Amalie was crying again, and Jerome could not comfort her. She was remembering Mr. Lindsey, and his love and kindness. She was certain that she could never enter that house again, where all those frightful things had taken place, and where Mr. Lindsey had died of the shock. She saw the old man clearly, his gentle smile; she heard his fond words, his subtle understanding silences. She and Jerome had killed him, had filled his last days with horror and misery.
“No,” she said to Jerome, “we shall never be able to forget. That is our punishment.”
“I tell you, my darling, he had no reproaches for us. He said his only regret was that he would not see our child, his first grandchild. You must know, Amalie, how kind he was, and how happy, at the last. When I asked him to forgive us, he laughed a little, as if I were absurd.”
He did not tell Amalie that his father had said almost at the last: “If you will only understand, Jerome, that no man can injure another with impunity, that cruelty done with malice and deliberation is its own punishment, that when a man strikes at another he strikes, not only at himself, but at those he loves, then all this will have been worth the suffering.”
No, there was much he could never tell her, even to the day of his own death. He and his father had been alone, and Mr. Lindsey had talked tranquilly, quietly. He had thought only of his son, and not of himself and his own anguish, and that had been the hardest of all to bear.
He could not tell Amalie of the funeral, of how he and Alfred had stood opposite each other, over the open grave, listening to the words of the minister, and of how the rain had streamed down unrelentingly in that dark and lonely cemetery. That was something he could not dwell on too long as yet.
Alfred had stood there, a figure of gray stone, looking down, at the grave, his arms folded on his chest. Dorothea, weeping and desolate, had stood on one side of him and Philip on the other. No one had so much as glanced at Jerome, leaning there on his cane, his arm in a sling. No one but Philip. Jerome had met the boy’s sorrowful eyes, and he had seen that there was no reproach or disgust in them but only compassion and fondness. Behind the mourners stood their friends, but not behind Jerome. He had stood alone, as though he were a leper. No one had spoken to him, br appeared aware of his presence. No one but Philip. For, after the ceremony, Philip had somehow managed to reach him and touch him, and had whispered: “Please give—Amalie—my love, Uncle Jerome.”
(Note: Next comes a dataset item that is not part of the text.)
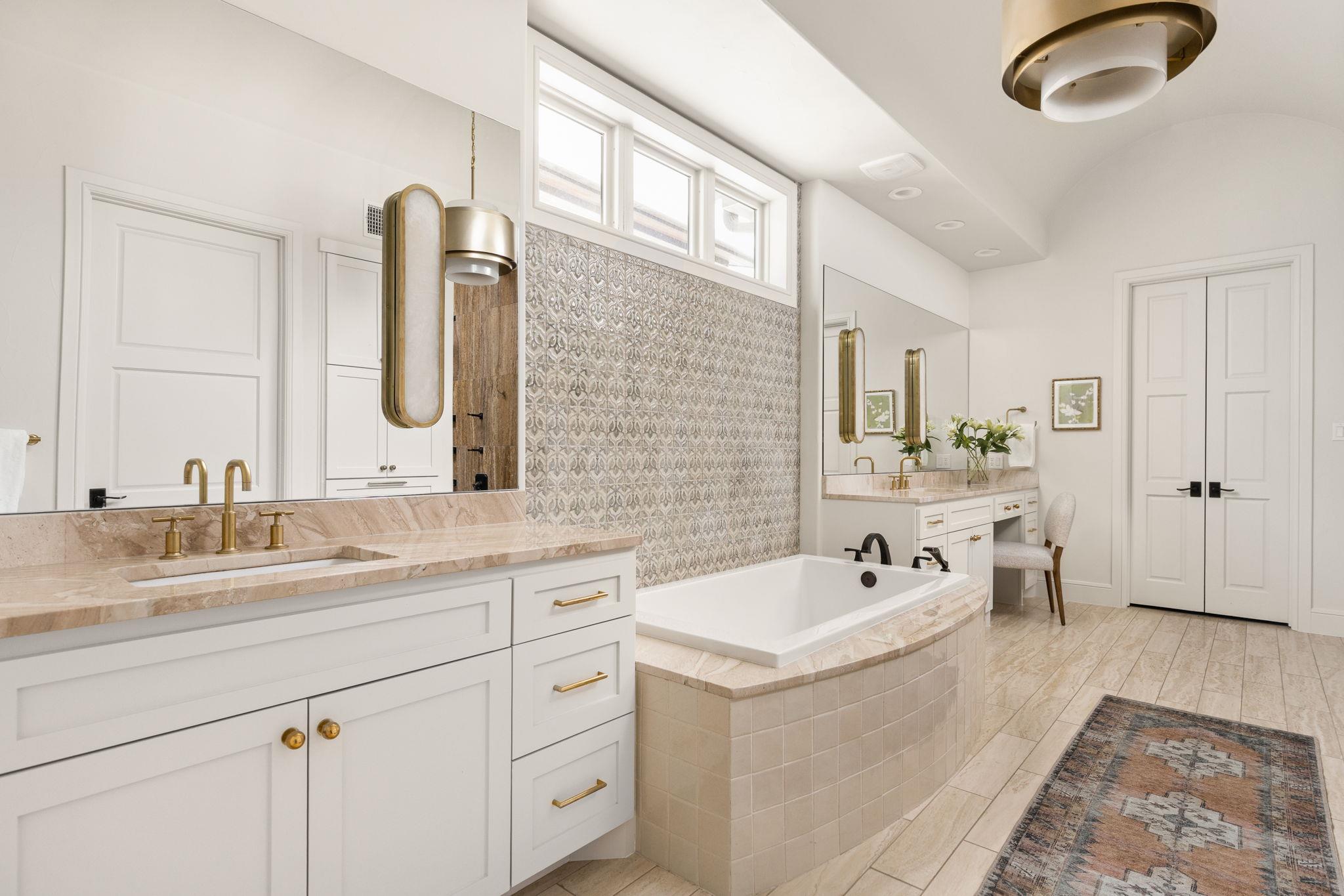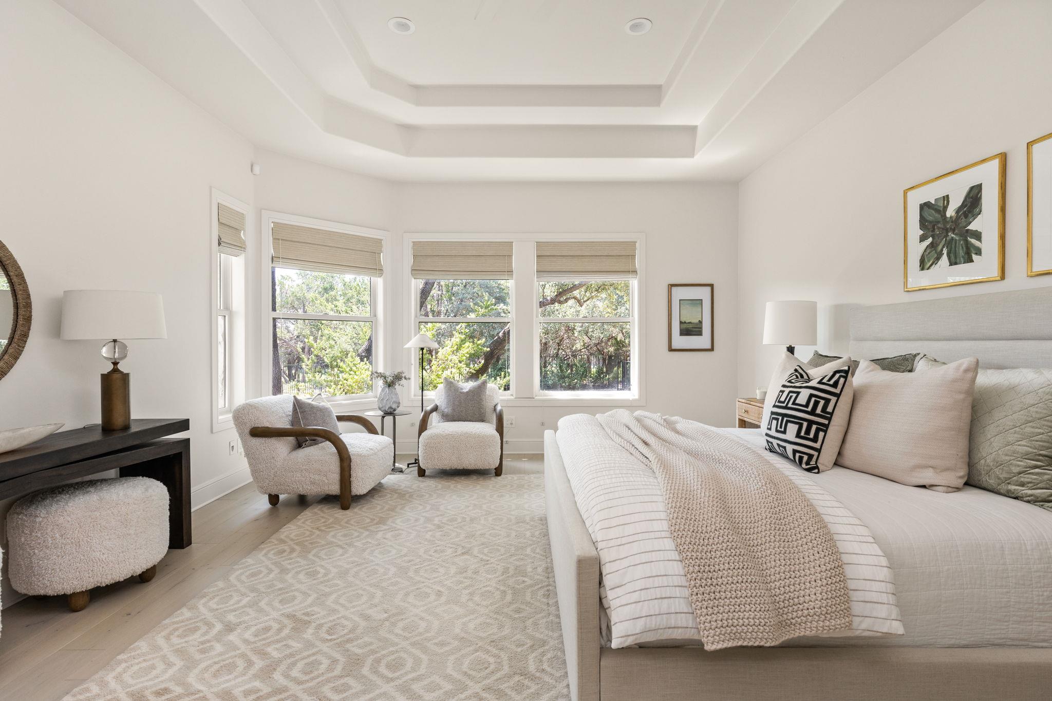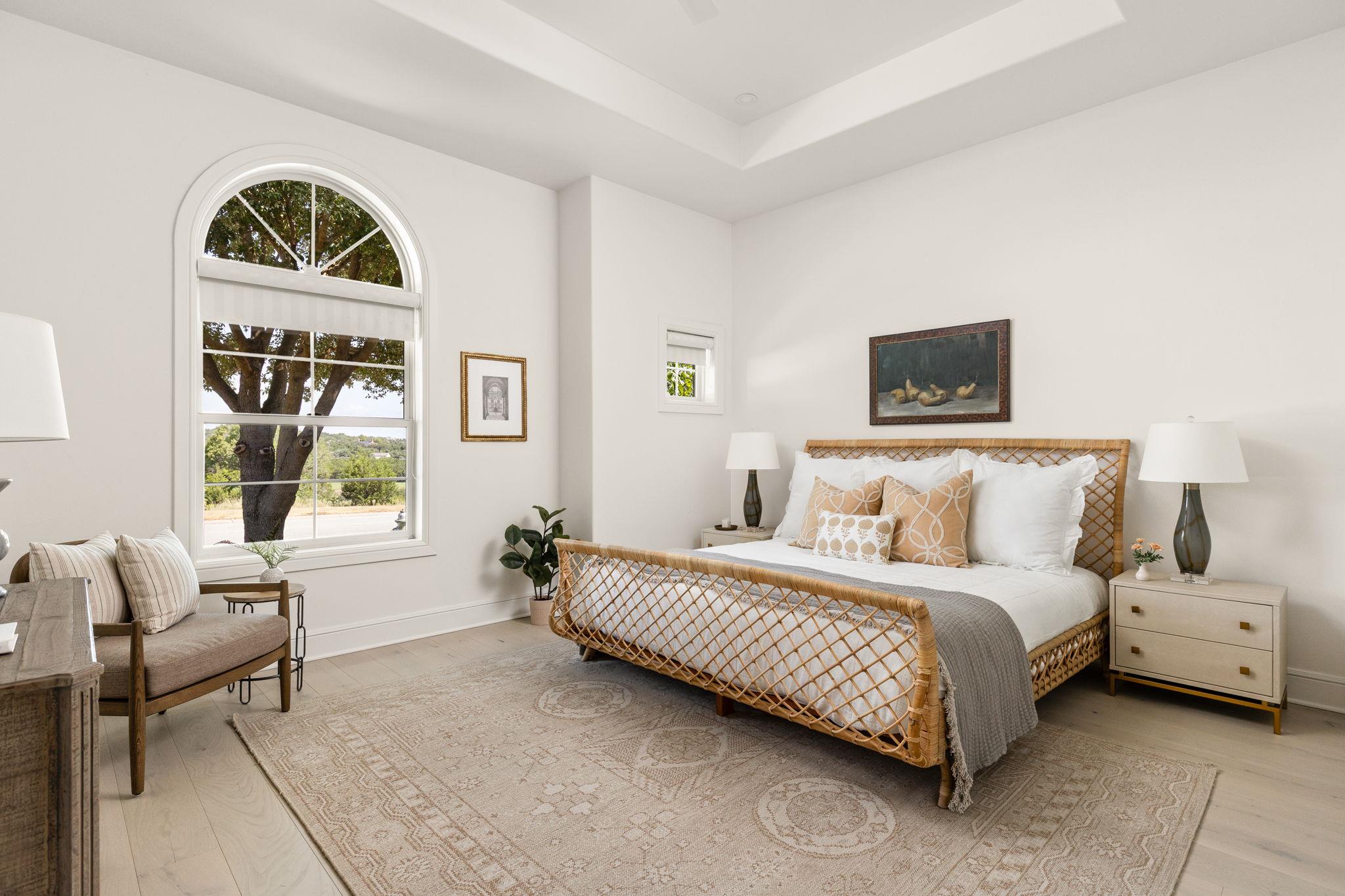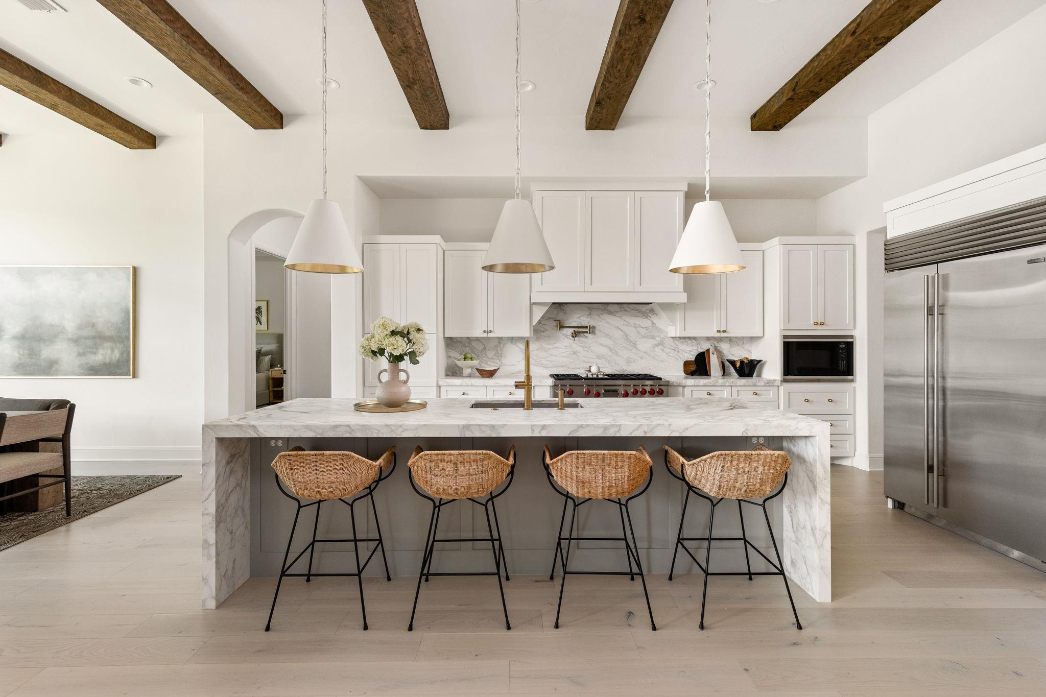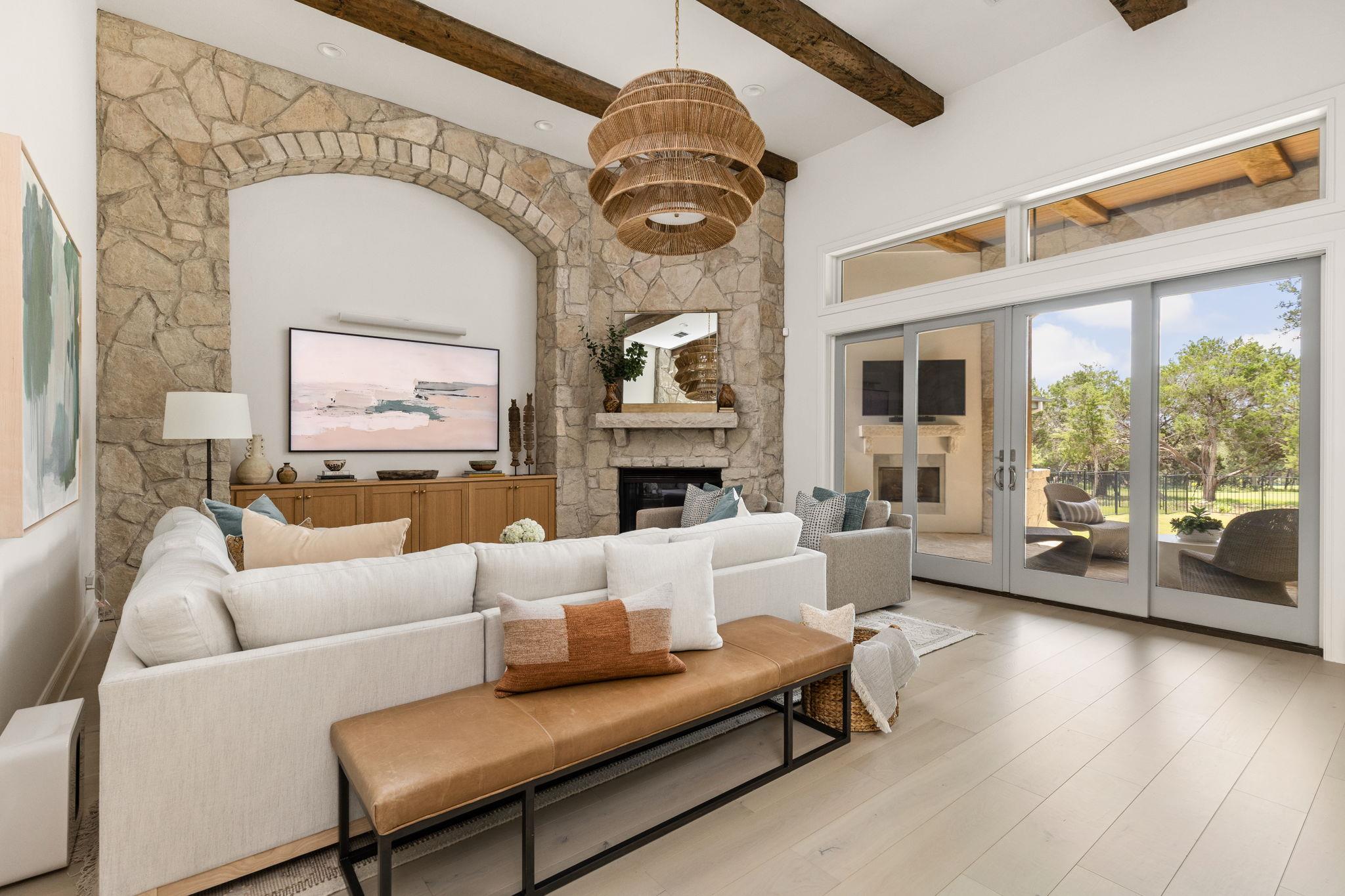 Tucked within the private gates of The Canyons section of Amarra in Barton Creek, this single-story residence offers privacy, elegance, and effortless Hill Country living. With sweeping views of the Fazio Canyons Golf Course, the home combines classic architecture with thoughtfully selected modern features. Designed for both comfort and entertaining, it offers three spacious bedrooms, each with an en suite bath, along with a dedicated office and powder room. At the heart of the home, a striking marble waterfall island anchors the kitchen. Professional-grade Wolf and Sub-Zero appliances, custom cabinetry, and a full-height marble backsplash create a space that is both functional and visually impressive. Brass fixtures and stylish pendant lighting add warmth and character, while wide-plank wood floors carry a sense of continuity into the surrounding living areas. The open living space is framed by soaring ceilings with exposed beams and a dramatic stone archway, leading to a wall of glass doors that fill the interior with natural light and open to the outdoor patio. Ideal for relaxing or entertaining, the covered patio includes a fireplace, built-in BBQ, and room for dining alfresco. The primary suite enjoys a private setting and features a spa-like bath with dual closets, a walk-in shower, and a soaking tub. The two-car garage and gated location provide security and ease, while the home's access to Barton Creek's club amenities and proximity to downtown Austin complete the offering. This is a rare opportunity to own a meticulously maintained home in one of Austin's most sought-after golf course communities.

Philip had then drifted back to his father and the others, and Jerome had been abandoned. The friends had followed Alfred and Dorothea and Philip and the minister. Jerome was alone. The gravediggers, waiting to shovel the wet black earth on the coffin, had looked at him with curiosity and uneasiness. Then they, too, had wandered away to a discreet distance, whispering among themselves.
Jerome had stood there, looking down at the coffin. The rain had poured steadily into the gathering darkness. The bending willows were fountains of green water. The wet and heavy air was full of the deathly scent of the funeral flowers. The gravestones near by glimmered spectrally in the streaming dusk. The intense and mournful silence of a cemetery deepened all about Jerome, and he heard the dripping water, the hiss of wet and uneasy trees.
He had turned away at last, but not for a long time. He had gone back to the gates of the graveyard. Jim was waiting for him in the buggy. There was no one else.
He had returned to his desolate home. He had gone directly to bed. The next morning, when the first light of the dawn had come, Jim came to him to whisper that Alfred and Dorothea and Philip were leaving that very day. They would not remain under that roof with the man who had brought such catastrophe to them and to this house.
No, there was much he could not tell Amalie, and never could tell her. He sat beside her, kissing her gently, smoothing her hair, and she clung to him, weeping. But he was barely conscious of her now. His pain was still too great and too new. It would take years for him to forget, even in a small measure.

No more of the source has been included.